--- START ---
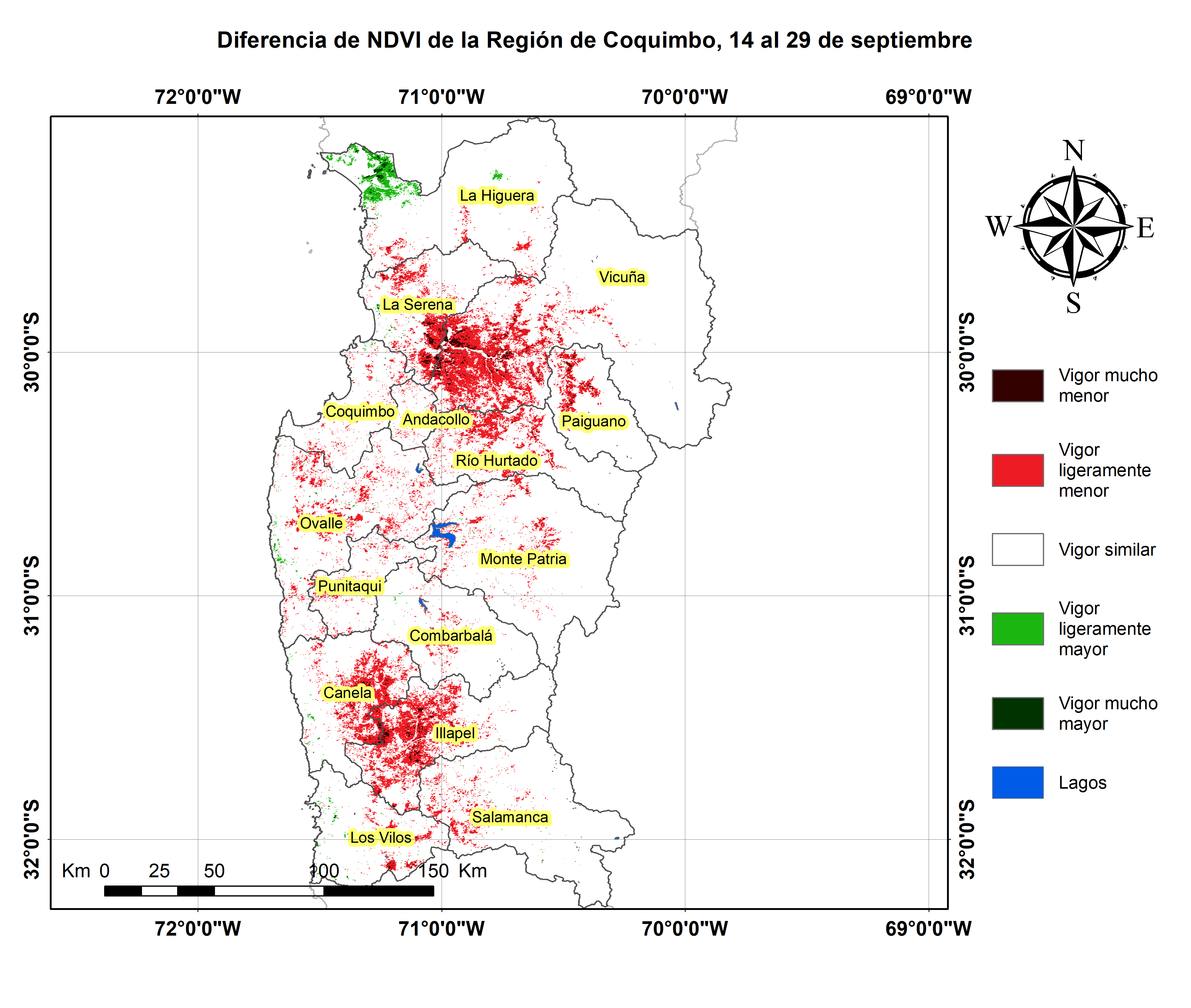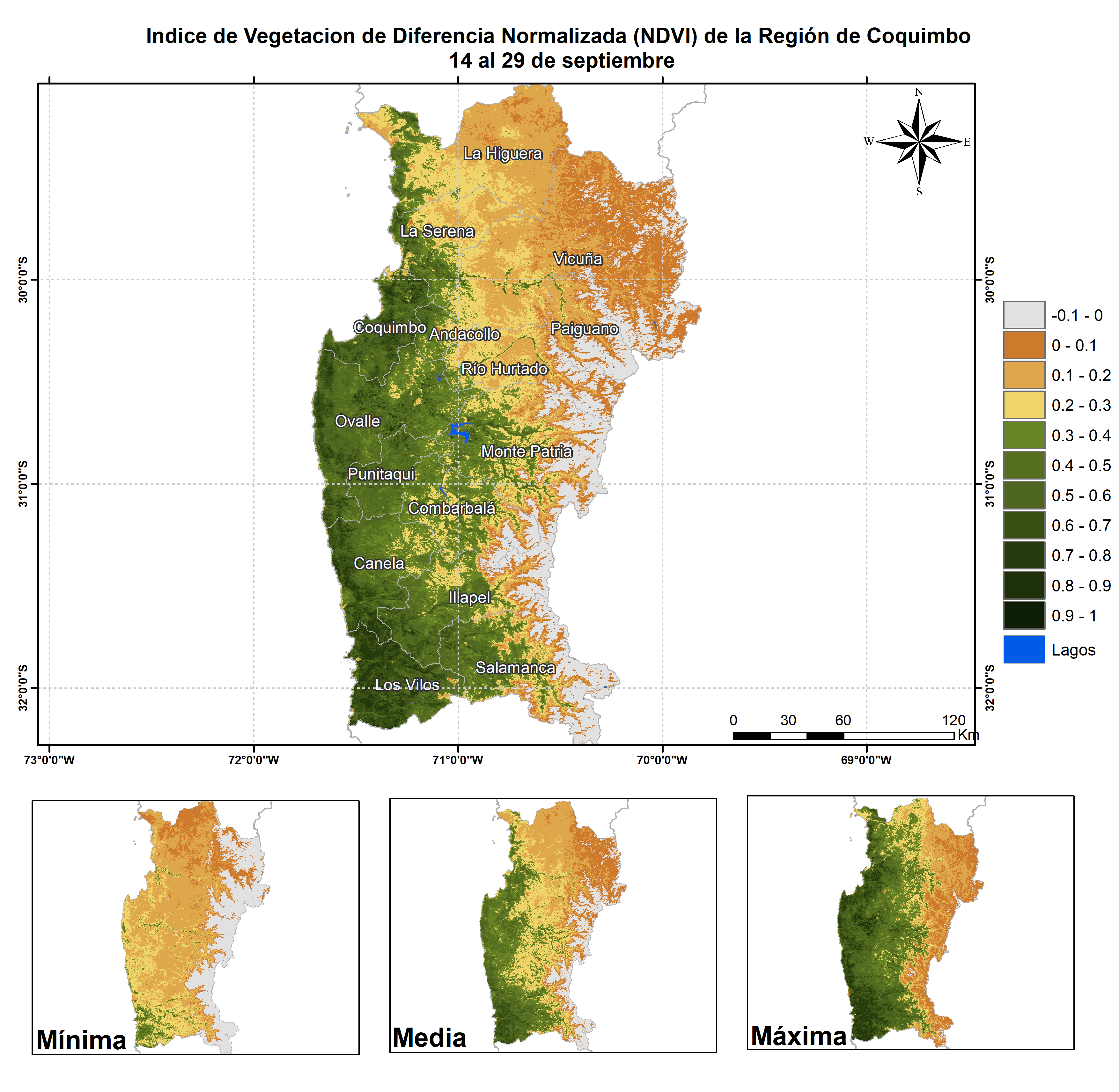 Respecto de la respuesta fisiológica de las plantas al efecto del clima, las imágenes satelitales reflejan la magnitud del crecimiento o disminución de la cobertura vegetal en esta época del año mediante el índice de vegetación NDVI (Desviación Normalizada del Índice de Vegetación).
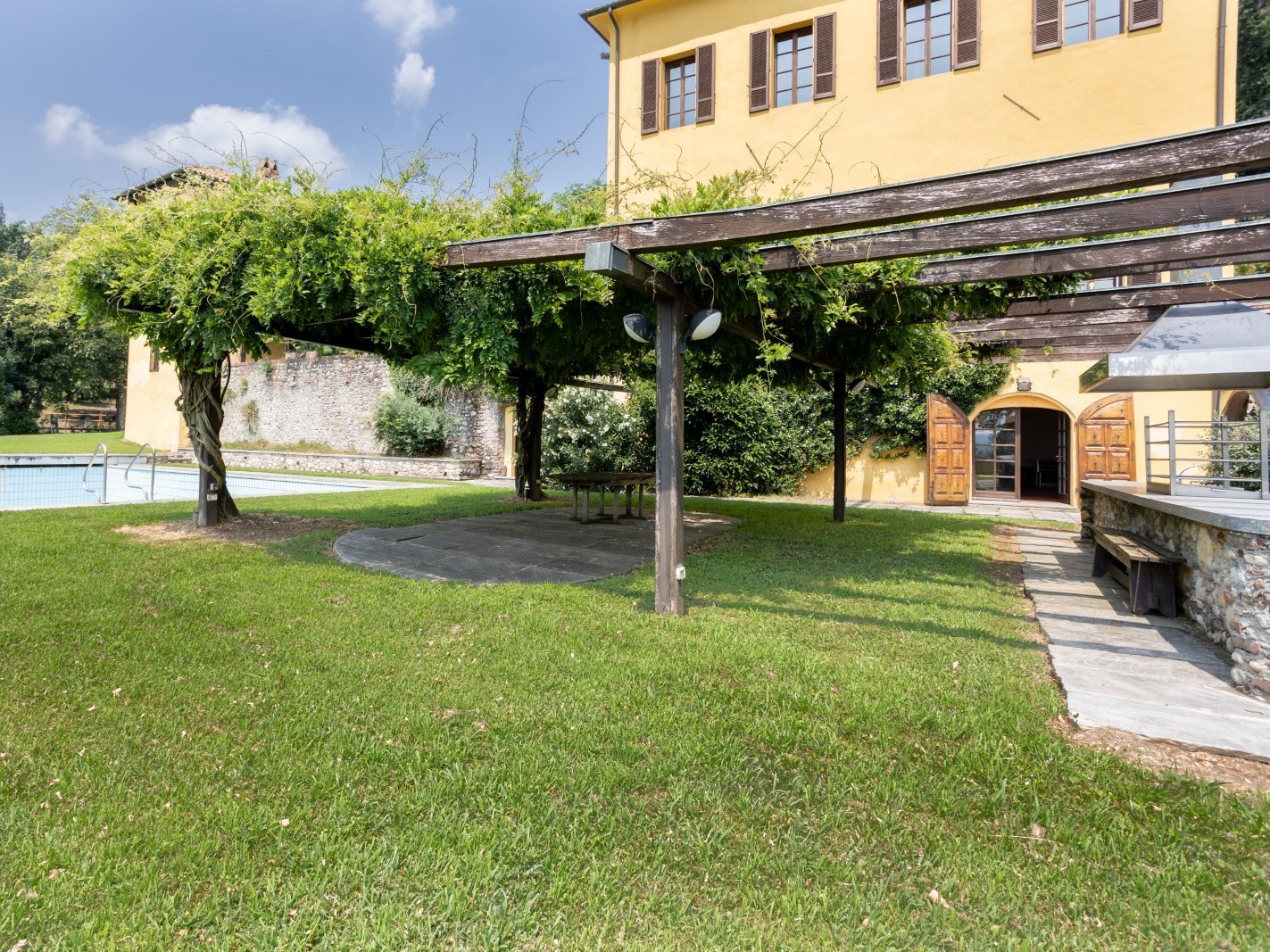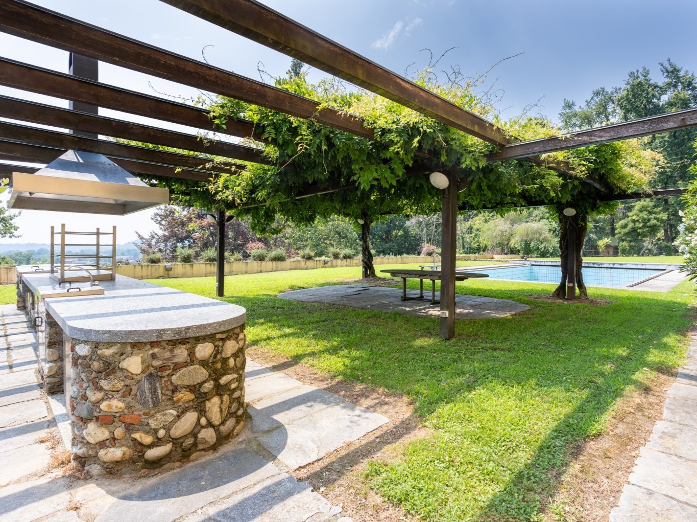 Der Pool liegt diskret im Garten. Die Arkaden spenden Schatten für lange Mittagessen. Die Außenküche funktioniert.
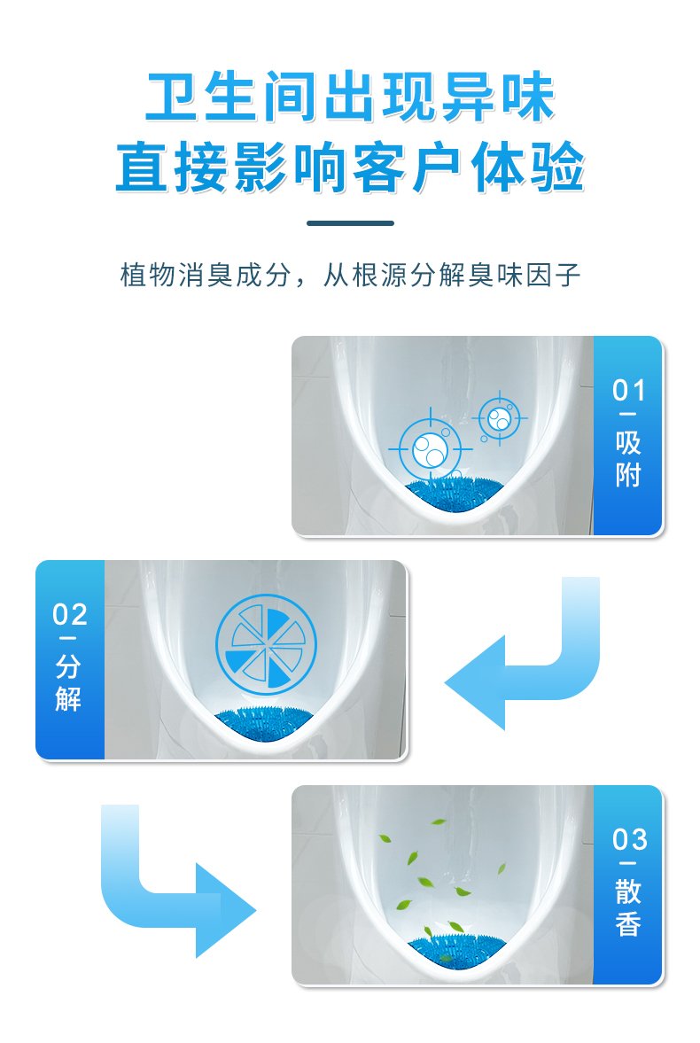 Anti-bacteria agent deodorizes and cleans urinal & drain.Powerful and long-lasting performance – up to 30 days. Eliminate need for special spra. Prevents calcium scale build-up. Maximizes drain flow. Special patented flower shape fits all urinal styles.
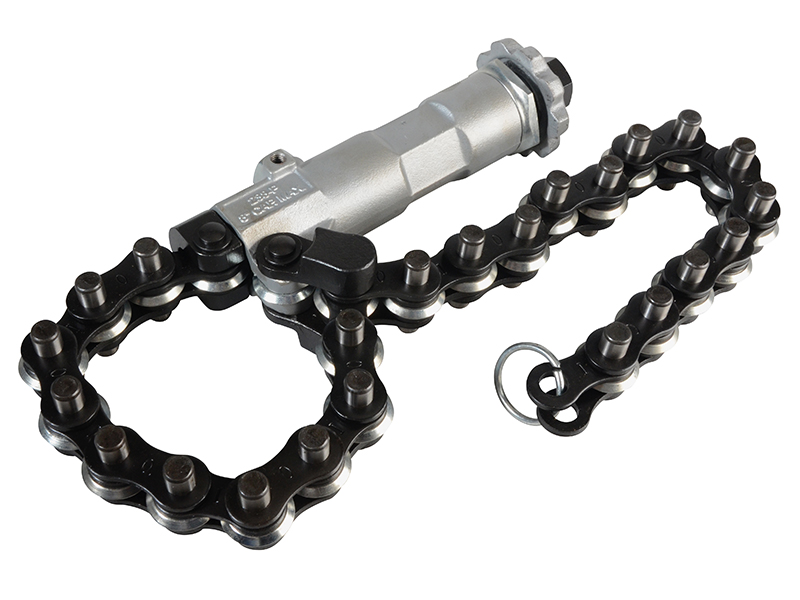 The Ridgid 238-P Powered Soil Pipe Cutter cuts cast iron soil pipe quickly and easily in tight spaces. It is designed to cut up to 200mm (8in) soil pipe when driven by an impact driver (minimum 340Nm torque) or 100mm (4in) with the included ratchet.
--- END ---
• **Task details**: Exactly the lines from the one with "Der Pool liegt" to the last line of the listing are wanted, both ends included and pictures excluded.

• **Solution for this task**:
 Der Pool liegt diskret im Garten. Die Arkaden spenden Schatten für lange Mittagessen. Die Außenküche funktioniert.
 Anti-bacteria agent deodorizes and cleans urinal & drain.Powerful and long-lasting performance – up to 30 days. Eliminate need for special spra. Prevents calcium scale build-up. Maximizes drain flow. Special patented flower shape fits all urinal styles.
 The Ridgid 238-P Powered Soil Pipe Cutter cuts cast iron soil pipe quickly and easily in tight spaces. It is designed to cut up to 200mm (8in) soil pipe when driven by an impact driver (minimum 340Nm torque) or 100mm (4in) with the included ratchet.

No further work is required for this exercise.